The brainchild of programmer Cam Haynes, TIFF’s Film Circuit program makes critical connections with film societies, performing arts theatres, and other partners in rural, remote and generally underserved communities across the country to offer a road show of the best indie and art-house cinema that would otherwise bypass those markets. The films – some of them Canadian and some international, some of which played the festival and others that are selected by TIFF in collaboration with local partners – screen in indie cinemas, libraries, community centres and everywhere in-between coast-to-coast-to-coast.
And now Film Circuit is relaunching with its biggest outreach yet, with more than 100 locations set for 2024, including new programs on Fogo Island, Nfld., in Yellowknife, Qualicum Beach, B.C., and Invermere, B.C.. Titles are set to range from the Canadian dramas Solo and The Queen of My Dreams to such foreign-language gems as Fallen Leaves, Anatomy of a Fall and Monster.
The initial idea was a product of trying to reconcile Canada’s geography with the accompanying peculiarities of the country’s film exhibition sector. In the 1990s, even the most critically acclaimed art-house film would only play a handful of cities, and only for a limited window. Today, the landscape is even more complex thanks to the rise of streaming and the thinning theatrical market for cinema of the non-blockbuster variety.
“What Film Circuit does is bring so much more of the country into the conversation around movies and give them a diet of movies well beyond the commercial mainstream,” says TIFF chief executive Cameron Bailey.
Practically, TIFF’s Film Circuit team – two to three people working from the organization’s Toronto office – act as a kind of curatorial and infrastructural go-between for Canadian distributors and local organizers.
“Because we’re in a position to see so many new films before most people do, we can put together a list of films that we think would be interesting for Film Circuit locations, and we liaise with local film clubs or theatres who know their market better than we do and can make suggestions,” says Bailey. The TIFF team also helps manage actually getting the films out to smaller venues, whether that’s transferring a digital cinema package known as a DCP, or even Blu-rays.

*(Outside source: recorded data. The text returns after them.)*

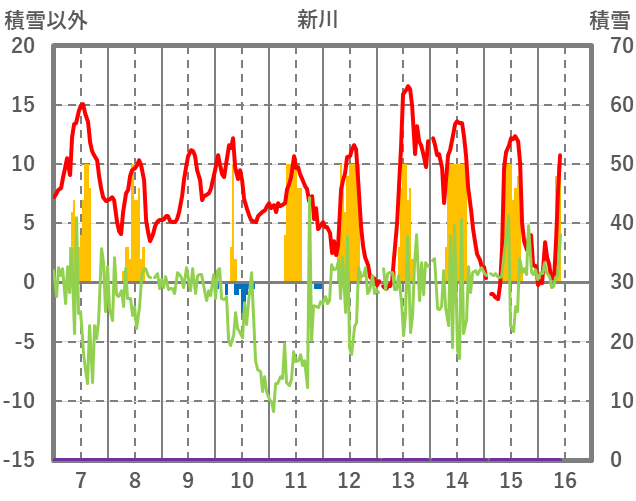 | 日 | 時 | 気温 | 降水 | 風向/風速 | 日照 | 積雪 | 降雪 |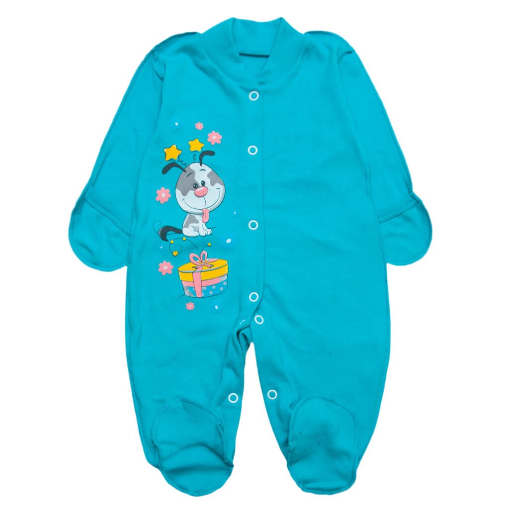 Чоловічок для дитячий, бірюзового кольору малюнок собачка, пошитий з інтерлочного полотна начіс бірюзового кольору, тому дуже теплий. Тканина м'яка і приємна. Комірець зроблений стійкою з еластичного манжету. Це миле вбрання застібається кнопочками по всій довжині, від верху до низу, це набагато спрощує одягання малюка. На рукавах кишеньки, можуть бути відкриті або закриті. Тканина після прання не сідає, не стягується та не втрачає колір. Чоловічок з одного боку прикрашений милим малюнком. Вашому малюку буде тепло й затишно в такому чоловічку. Приємних покупок і гарного настрою, ТМ Арлекін!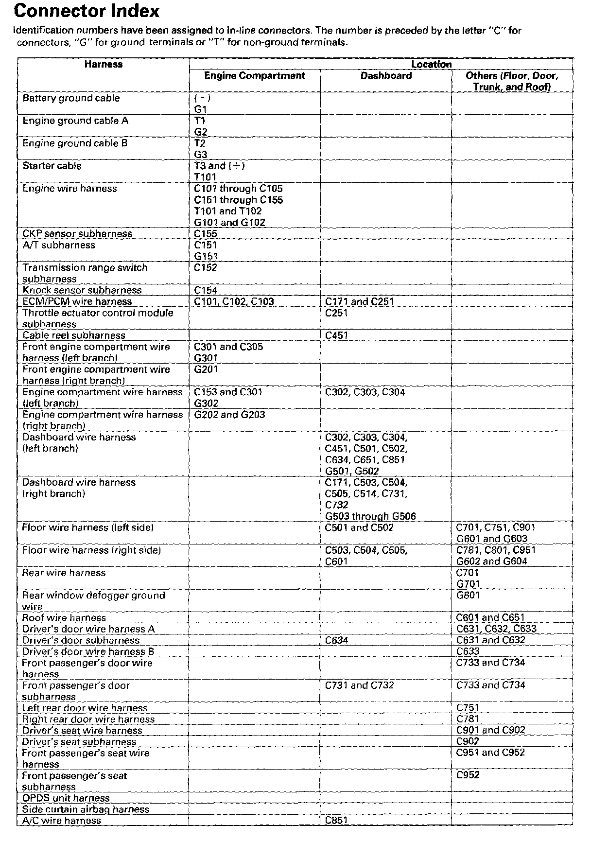 Connectors And Harnesses - Connector Index:
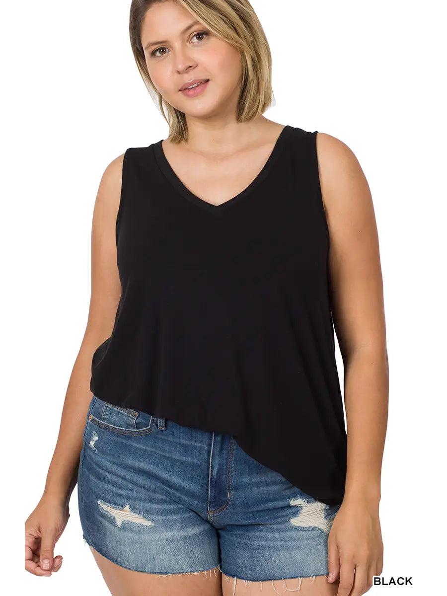 Looking for a top that's both playful and flattering? Look no further than our sleeveless V-neck top for plus size! Black in color so goes with pretty much anything! Dress this up or down! You cannot go wrong with this adorable tank!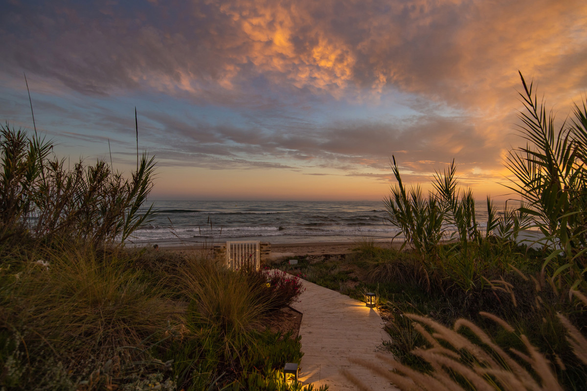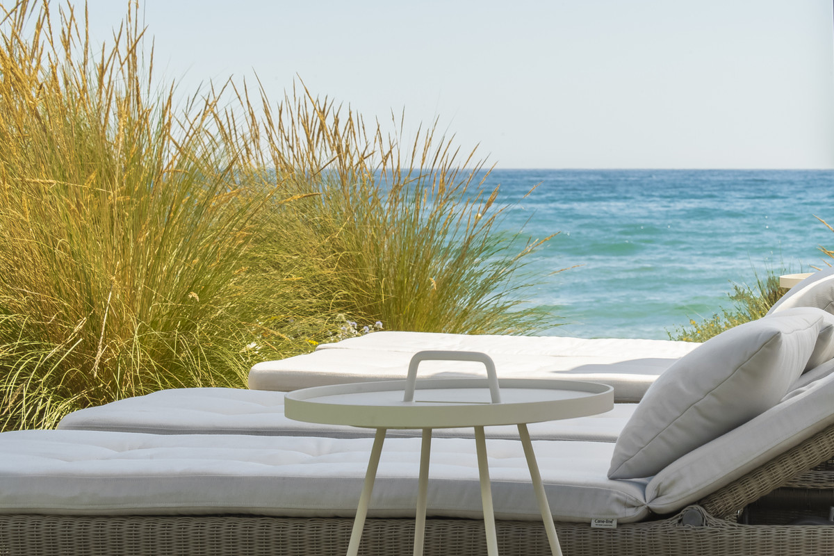 The open entrance hall connects with the large open plan kitchen and the living & dining areas and the large windows open onto the terrace and the heated pool from where you can also walk straight onto the beach.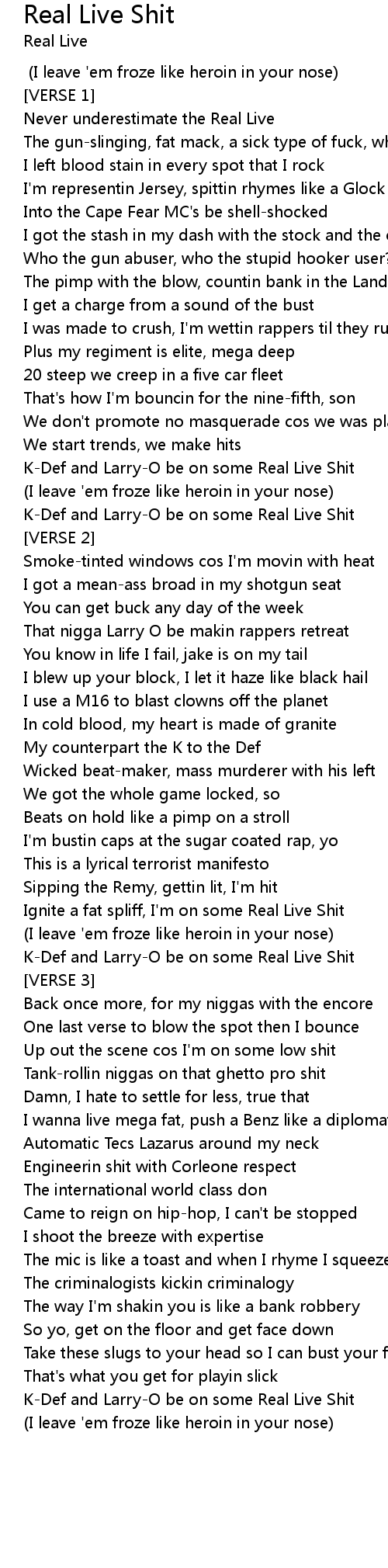 Ignite a fat spliff, I'm on some Real Live Shit |

The initiative is an easy win-win for distributors, whose titles get the windfall of a second life after their initial major-market theatrical runs.
“Normally, these are places that would only get to see our films at home on video-on-demand, so to have the ability to play a title theatrically and form a connection with audiences is wonderful,” says Rob Harrison, executive vice-president of distribution and marketing for Vortex Media, whose 2021 comedy Peace By Chocolate made $60,000 from Film Circuit alone.
In fact, distributors have come to rely on Film Circuit as an integral part of their release strategies.
“Like every other distributor, when we acquire a film we project how much it will make in certain windows, and Film Circuit is baked into our plan,” says Tom Alexander, vice-president of theatrical sales at Mongrel Media, which has seen Film Circuit success with titles including the hit Canadian comedy I Like Movies and the British drama Living. “There’s also a dialogue between us and TIFF about movies that might perform well on the circuit that we might not have thought of.”
Each market also offers its own surprises, even if there are multiplexes not too far a drive away.
“In Ontario, Collingwood and Orillia have strong turnouts, in B.C. it’s Kelowna – you sort of never know,” says Hilary Hart, co-president of Game Theory Films, whose 2022 drama Riceboy Sleeps is still getting Film Circuit requests long after it’s been made available digitally. “Our upcoming titles like In Flames or Seagrass would be great fits as well – these are all cinephile audiences who are interested and engaged, who we wouldn’t have the bandwidth to reach otherwise.”
Some Film Circuit partners even end up evolving into film festivals themselves.
“We were part of Film Circuit for 18 years and grew with them, learned from them about building relationships with distributors and filmmakers and how it all works, and now we’re here,” says executive director Vincent Georgie of the Windsor International Film Festival. “We then forged our own path forward, but absolutely with a debt due to TIFF.”
Next year will see Film Circuit reintroduce its guest-touring program, in which filmmakers and industry guests are able to travel to screenings across the country and engage with local audiences. The program’s overall expansion is financially supported by Telefilm, as well as Ontario Creates and the Ontario Arts Council.
“We’ve always said that we’re punching above our weight when it comes to the impact of the Film Circuit, especially when it comes to Canadian films. And we’d love to see more support,” says Bailey. “We want to keep people interested and curious in cinema across the country.”